ヘロヘロ東京観劇旅行記


〈大まかなあらすじ〉

田舎住み観劇オタクの筆者は、ある舞台を見に行くため東京旅行へ。しかし出発前夜に急に嘔吐! 死にかけながら東京に向かい、そして帰ったこの悲しみを供養するために書いている旅行記である。

※一部不快な表現が入っている場合があります。
※私の気持ちを成仏させるためだけの文章です。
※旅行中、手洗い・消毒等感染対策は入念に行っています。

〈Prologue〉

ミュージカル「憂国のモリアーティ」シリーズが大好きだ。

「憂国のモリアーティ」は、集英社ジャンプスクエアで連載されている長編マンガである(第1部全19巻、現在は番外編の「憂国のモリアーティ-The Remains-」が連載中)。シャーロック・ホームズの宿敵であるジェームズ・モリアーティを主人公とし、モリアーティが操る華麗な犯罪を名探偵シャーロック・ホームズが追う推理ものであり、バトルものであり、そしてクソデカ感情マンガである。異論は認める。大好きだ。
そして本作を2.5次元ミュージカル化した、ミュージカル「憂国のモリアーティ」(通称モリミュ)は、2019年5月の初演を皮切りにほぼ毎年(コロナ禍でも!)上演が続けられ、2023年8~9月の5作目で一区切りを終えた。
私は2021年9月、無料配信されていた2作品をなんとなくみたことをきっかけに、即Blu-rayを集め、舐めるように見返し、CDも買って全曲歌えるようになり、2023年1月のOp.4は大阪3公演、8月のOp.5は大阪6公演を全通した。2.5舞台をほぼ見たことがなかったのにこの熱量である。みなさんも見てください。
しかし先述した通り、モリミュはOp.5を機にいったん一区切りがついてしまった。私はOp.6の続編もしくは5作品の再演を望んでいます。が……。今年夏にコンサートがあり、それも何らかの形で見るつもりではいるが、ジャンルを問わず演劇が好きな私としてはやはり舞台が見たい。

そんな中、ある舞台の情報が流れてきた。

「HIGH CARD the STAGE - CRACK A HAND」

「HIGH CARD」というアニメは以前から知っていて、見てはいなかったが世界観好きだし面白そうだなと思っていた。ふーん、2.5舞台になるんだーというくらいの気持ちだったが、私が戦慄したのはその後である。

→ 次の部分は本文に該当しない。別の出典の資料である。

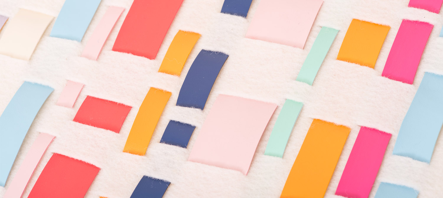 Keeping in mind the measurements that you chose for the felt placemat. Outline and cut the faux leather into stripes of different lengths, but always long enough to go over the edge of the placemat. As you will see, I am going to position them parallel to the shorter side of the felt placemat. So my stripes are between 37 and 40 cm in length. The width of the stripes are also different. I feel that gives the piece more character. Some stripes are 1cm wide, others are 2.5, others are 3cm. On our website you’ll find faux leather ribbons of different widths. So if you want to save some time and be sure to have nicely cut straight stripes, you can just go ahead and buy the different sizes to alternate.

演出 山本一慶(ミュージカル「憂国のモリアーティ」ルイス・ジェームズ・モリアーティ役)
脚本 西森英行(ミュージカル「憂国のモリアーティ」脚本・演出)
音楽 ただすけ(ミュージカル「憂国のモリアーティ」音楽)

キャスト
フィン・オールドマン役 赤澤遼太郎(ミュージカル「憂国のモリアーティ」フレッド・ポーロック役)(※Op.1~3)
ウェンディ・サトー役 七木奏音(ミュージカル「憂国のモリアーティ」ミス・ハドソン役)
ノーマン・キングスタット役 久保田秀敏(ミュージカル「憂国のモリアーティ」アルバート・ジェームズ・モリアーティ役)

アンサンブルキャスト
竹内一喜・永咲友梨・若林佑太(ミュージカル「憂国のモリアーティ」アンサンブルキャスト)

怖い!!!!!
キャスタッフのモリミュ率が高すぎて逆に怖い。
いっけー(山本一慶さん)は役者としての姿しか見たことがなく、演出している舞台はこれまで見たことがなかったが、それらも高評価っぽいし、こんな布陣の舞台観なければ絶対後悔する。そのくらいモリミュのキャスタッフに信頼を置いている。
あと、ウェンディ・サトー役の七木奏音さまのキャラクタービジュアルに惚れた。

ということで、1月25日の夜公演、1月26日の昼公演のチケットを取った。東京行き決定である。
予習としてアニメ1期も全話見た。くぼひで(久保田秀敏)さんはモリミュでアルバート兄様というとても高潔な人物を演じてらっしゃるのだが、今回演じるというノーマン・キングスタットは見た目だけでなく挙動もめちゃくちゃ濃かった。楽しみだ。

〈1月24日〉

出発前日。大学の授業は午後に一つあるのみだったので、家にこもり、期待に胸を膨らませながら荷造りをしたり、当日の服のコーディネートをしたりした。気軽に行ける距離ではないので、服装にも気合が入る。最近Axes Femmeの服を友達から大量にもらったので、全身Axesのコーデになった。可愛くて最高。新しい靴も合わせて最高。

鏡が若干汚れているのはご愛嬌。

マニキュアも塗った。余談だが、私は全くじっとしていられないので、速乾ポリッシュの癖に手を動かしてはめちゃくちゃよれるのを繰り返し(そして生来の不器用さも災いし)、満足のいく出来になるまで3時間かかった。ただ塗っただけで別に難しいことはしていないのに3時間かかるってどうなんだ。でもかわいいので満足した。夜ごはんにはうどんすきと、祖母がくれたという牡蠣をチンして食べた。殻を開けると結構大ぶりだった。ここから悪夢が始まる。

〈1月24日(25日)深夜〉

荷造りもまあ一泊だけだからすぐ終わるし、明日は早いし、そろそろ寝るか……と床についてスマホをいじっていた深夜0時頃、突如吐き気が起こった。吐き気自体はそこまで珍しくないし、おおかたピルをちょっと適当に飲んだせいだな……と思った。最近新しいシート飲み始めたばっかりだったし。
結構つらめの吐き気だったが、吐き気止めを飲み、鼻呼吸を意識し、締め付けの強いパジャマのズボンを中学のジャージに履き替え、リラックスすることが大事だとネットに書いてあったので蒸気でほっとアイマスクをして根性で寝た。明日に響くし。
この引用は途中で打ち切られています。